Osteoporosis Treatment Initiation Based on Z-Scores
Osteoporosis medications should be initiated at a Z-score of -2.5 or less in adults 40 years and older, and at a Z-score of -3.0 or less in adults under 40 years of age. For patients on glucocorticoids, treatment should be initiated at higher Z-scores (-2.0 or less).
Treatment Thresholds by Age Group
Adults ≥40 Years:
- Primary threshold: T-score of -2.5 or less at hip or spine 1
- Additional criteria warranting treatment:
Adults <40 Years:
- Primary threshold: Z-score of -3.0 or less at hip or spine 1
- Additional criteria warranting treatment:
Special Populations
Glucocorticoid Users:
- Treatment recommended at higher Z-scores (≤-2.0) 1
- Consider treatment for all patients on prednisone ≥7.5 mg/day for ≥6 months 1
- Very high-dose glucocorticoid users (≥30 mg/day) should be considered for treatment regardless of Z-score 1
Women of Childbearing Potential:
- Oral bisphosphonates are first-line if not planning pregnancy 1
- Teriparatide is second-line option 1
- Ensure effective contraception during treatment 1
Cancer Patients:
- For breast cancer patients on aromatase inhibitors: treatment if T-score ≤-2.5 1
- For patients with bone metastases: intravenous bisphosphonates recommended 1
Treatment Algorithm
Assess fracture risk:
- Measure BMD via DEXA scan
- Calculate FRAX score (with glucocorticoid adjustment if applicable)

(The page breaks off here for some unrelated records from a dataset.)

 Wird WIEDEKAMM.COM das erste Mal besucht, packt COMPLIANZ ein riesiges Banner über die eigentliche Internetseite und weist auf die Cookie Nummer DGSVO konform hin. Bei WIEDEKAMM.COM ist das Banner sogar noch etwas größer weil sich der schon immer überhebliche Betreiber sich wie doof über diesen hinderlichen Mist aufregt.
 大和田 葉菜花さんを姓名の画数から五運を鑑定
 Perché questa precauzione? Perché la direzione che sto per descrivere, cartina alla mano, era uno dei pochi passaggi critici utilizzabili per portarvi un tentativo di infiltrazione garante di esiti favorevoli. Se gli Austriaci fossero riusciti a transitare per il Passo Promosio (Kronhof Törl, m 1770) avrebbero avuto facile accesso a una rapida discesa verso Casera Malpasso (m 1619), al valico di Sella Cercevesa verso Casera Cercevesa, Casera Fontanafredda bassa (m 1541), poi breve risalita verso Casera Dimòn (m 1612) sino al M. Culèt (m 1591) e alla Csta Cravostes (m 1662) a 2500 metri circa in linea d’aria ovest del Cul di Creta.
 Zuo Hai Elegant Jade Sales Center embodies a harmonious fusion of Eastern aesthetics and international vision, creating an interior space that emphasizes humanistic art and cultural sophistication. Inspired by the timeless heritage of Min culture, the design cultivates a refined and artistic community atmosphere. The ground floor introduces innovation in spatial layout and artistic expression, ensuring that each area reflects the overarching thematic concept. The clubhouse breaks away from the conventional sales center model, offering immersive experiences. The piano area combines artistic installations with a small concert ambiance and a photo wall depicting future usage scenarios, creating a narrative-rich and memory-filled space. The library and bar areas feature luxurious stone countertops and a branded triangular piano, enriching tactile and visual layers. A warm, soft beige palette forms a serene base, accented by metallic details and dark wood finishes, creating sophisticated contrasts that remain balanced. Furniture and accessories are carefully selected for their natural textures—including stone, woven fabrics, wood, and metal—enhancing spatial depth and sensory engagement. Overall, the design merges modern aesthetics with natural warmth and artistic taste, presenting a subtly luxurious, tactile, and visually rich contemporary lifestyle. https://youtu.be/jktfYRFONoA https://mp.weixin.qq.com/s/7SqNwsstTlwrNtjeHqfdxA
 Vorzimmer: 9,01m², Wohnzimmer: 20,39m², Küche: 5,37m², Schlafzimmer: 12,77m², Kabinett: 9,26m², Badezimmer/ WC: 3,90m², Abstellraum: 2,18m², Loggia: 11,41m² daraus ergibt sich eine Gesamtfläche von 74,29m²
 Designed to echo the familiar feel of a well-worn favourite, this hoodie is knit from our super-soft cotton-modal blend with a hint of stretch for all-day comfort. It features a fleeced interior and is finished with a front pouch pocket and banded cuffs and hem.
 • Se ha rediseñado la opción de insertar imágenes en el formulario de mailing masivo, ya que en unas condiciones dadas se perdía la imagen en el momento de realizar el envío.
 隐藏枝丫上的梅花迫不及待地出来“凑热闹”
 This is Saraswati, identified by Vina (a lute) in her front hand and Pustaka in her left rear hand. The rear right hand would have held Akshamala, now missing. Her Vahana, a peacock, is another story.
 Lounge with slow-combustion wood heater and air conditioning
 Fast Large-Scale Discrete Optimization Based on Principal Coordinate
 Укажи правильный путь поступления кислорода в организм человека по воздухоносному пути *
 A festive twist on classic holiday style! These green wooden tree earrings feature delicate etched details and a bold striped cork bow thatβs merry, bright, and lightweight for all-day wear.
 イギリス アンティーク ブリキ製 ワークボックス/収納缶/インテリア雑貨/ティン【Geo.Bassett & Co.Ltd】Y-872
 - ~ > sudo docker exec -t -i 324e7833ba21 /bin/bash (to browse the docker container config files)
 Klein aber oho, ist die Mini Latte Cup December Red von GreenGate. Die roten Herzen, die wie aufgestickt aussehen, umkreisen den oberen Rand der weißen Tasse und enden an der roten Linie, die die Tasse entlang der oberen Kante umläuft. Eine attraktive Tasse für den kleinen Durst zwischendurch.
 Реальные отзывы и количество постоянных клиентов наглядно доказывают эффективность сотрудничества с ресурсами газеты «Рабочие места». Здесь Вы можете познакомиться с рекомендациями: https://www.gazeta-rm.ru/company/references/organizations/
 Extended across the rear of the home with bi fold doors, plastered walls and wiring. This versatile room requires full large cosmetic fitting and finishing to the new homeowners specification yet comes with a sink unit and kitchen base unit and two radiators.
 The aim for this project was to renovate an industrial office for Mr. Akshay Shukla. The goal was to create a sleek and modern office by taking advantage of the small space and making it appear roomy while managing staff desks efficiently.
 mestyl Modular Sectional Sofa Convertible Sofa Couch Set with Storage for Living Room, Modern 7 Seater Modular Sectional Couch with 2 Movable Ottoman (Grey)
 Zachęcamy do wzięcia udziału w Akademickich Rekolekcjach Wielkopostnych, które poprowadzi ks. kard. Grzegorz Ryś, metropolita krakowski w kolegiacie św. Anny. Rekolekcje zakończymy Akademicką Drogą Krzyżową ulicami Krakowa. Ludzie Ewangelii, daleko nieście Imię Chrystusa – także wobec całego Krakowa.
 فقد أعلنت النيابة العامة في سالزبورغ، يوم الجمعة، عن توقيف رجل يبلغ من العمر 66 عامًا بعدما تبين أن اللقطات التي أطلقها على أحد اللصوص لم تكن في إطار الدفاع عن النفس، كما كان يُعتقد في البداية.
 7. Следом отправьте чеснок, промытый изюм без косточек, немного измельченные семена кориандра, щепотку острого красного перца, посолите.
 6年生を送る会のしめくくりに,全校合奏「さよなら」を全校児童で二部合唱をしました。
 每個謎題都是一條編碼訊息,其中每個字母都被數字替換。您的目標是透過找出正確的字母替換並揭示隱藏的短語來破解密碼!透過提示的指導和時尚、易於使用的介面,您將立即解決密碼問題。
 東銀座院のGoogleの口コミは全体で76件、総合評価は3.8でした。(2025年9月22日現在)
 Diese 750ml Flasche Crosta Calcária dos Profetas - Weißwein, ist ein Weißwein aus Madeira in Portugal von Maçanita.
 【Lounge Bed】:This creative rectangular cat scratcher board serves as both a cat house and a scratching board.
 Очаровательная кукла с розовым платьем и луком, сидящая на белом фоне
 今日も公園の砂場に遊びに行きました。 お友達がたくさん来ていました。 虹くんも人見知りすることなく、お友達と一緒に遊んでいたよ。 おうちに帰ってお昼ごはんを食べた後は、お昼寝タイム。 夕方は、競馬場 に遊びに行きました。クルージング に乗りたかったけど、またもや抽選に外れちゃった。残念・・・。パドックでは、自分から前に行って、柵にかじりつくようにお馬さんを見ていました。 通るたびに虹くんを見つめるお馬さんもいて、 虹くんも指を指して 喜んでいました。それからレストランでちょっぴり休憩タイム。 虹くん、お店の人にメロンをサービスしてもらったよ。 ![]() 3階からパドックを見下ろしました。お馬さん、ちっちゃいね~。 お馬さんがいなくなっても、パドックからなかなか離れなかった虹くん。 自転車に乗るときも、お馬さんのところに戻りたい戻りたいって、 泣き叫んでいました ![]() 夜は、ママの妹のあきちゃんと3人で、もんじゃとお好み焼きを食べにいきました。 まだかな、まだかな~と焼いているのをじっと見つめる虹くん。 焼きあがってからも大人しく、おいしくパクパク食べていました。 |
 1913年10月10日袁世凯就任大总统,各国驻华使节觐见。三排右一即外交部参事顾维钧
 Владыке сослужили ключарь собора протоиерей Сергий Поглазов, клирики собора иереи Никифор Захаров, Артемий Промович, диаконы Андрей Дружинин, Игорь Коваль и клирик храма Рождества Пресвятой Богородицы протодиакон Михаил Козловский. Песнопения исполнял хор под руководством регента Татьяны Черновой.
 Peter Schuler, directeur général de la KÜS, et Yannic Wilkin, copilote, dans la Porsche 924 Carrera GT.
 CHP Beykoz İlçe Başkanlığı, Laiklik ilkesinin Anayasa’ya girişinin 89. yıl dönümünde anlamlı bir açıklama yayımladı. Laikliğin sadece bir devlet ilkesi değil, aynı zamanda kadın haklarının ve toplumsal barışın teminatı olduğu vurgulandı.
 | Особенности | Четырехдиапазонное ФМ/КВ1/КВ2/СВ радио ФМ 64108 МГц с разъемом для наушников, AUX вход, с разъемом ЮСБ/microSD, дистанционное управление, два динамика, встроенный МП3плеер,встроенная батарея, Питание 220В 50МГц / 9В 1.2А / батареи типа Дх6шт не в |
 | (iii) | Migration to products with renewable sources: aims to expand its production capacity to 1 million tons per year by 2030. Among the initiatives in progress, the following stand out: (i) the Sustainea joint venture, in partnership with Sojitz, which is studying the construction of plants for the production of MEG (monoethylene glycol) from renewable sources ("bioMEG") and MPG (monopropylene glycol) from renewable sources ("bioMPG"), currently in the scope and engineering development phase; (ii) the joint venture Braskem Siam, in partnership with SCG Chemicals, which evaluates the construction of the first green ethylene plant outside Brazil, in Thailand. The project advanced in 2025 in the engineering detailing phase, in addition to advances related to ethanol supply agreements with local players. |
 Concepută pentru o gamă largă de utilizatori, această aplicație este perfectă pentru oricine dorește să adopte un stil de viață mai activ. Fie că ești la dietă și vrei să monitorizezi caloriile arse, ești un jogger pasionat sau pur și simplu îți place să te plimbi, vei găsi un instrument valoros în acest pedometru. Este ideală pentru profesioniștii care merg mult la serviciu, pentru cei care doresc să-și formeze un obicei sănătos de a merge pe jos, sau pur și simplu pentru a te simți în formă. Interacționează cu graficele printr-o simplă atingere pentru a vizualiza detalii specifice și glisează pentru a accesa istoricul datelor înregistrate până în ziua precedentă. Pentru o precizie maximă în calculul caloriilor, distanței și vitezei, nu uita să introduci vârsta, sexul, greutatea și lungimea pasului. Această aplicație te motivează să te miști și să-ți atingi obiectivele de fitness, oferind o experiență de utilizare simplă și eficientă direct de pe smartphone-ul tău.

- Evaluate clinical risk factors
Determine treatment threshold:
- Age ≥40: T-score ≤-2.5 or FRAX criteria met
- Age <40: Z-score ≤-3.0 or specific risk factors present
- Glucocorticoid users: Z-score ≤-2.0 or specific risk factors
Select appropriate medication:
Important Considerations
- Calcium and vitamin D: Ensure adequate intake (1,000-1,200 mg calcium and 600-800 IU vitamin D daily) 1, 3
- Vitamin D levels: Target serum level ≥20 ng/mL 1, 3
- Lifestyle modifications: Weight-bearing exercise, smoking cessation, limiting alcohol to 1-2 drinks/day 1
- Monitoring: Repeat BMD testing every 2-3 years depending on risk factors 1
Common Pitfalls to Avoid
- Failing to correct vitamin D deficiency before starting bisphosphonates, which may reduce their efficacy 1, 3
- Not considering drug holidays after 5 years of oral bisphosphonate or 3 years of IV bisphosphonate therapy in lower-risk patients 4
- Overlooking the need for dental work before initiating bisphosphonate therapy to reduce risk of osteonecrosis of the jaw 1, 3
- Ignoring rebound bone loss when discontinuing denosumab without transitioning to another antiresorptive agent 3
- Using T-scores instead of Z-scores when evaluating premenopausal women or men under 50 years 1
By following these evidence-based guidelines, clinicians can appropriately identify patients who would benefit from osteoporosis treatment, potentially reducing fracture risk and associated morbidity and mortality.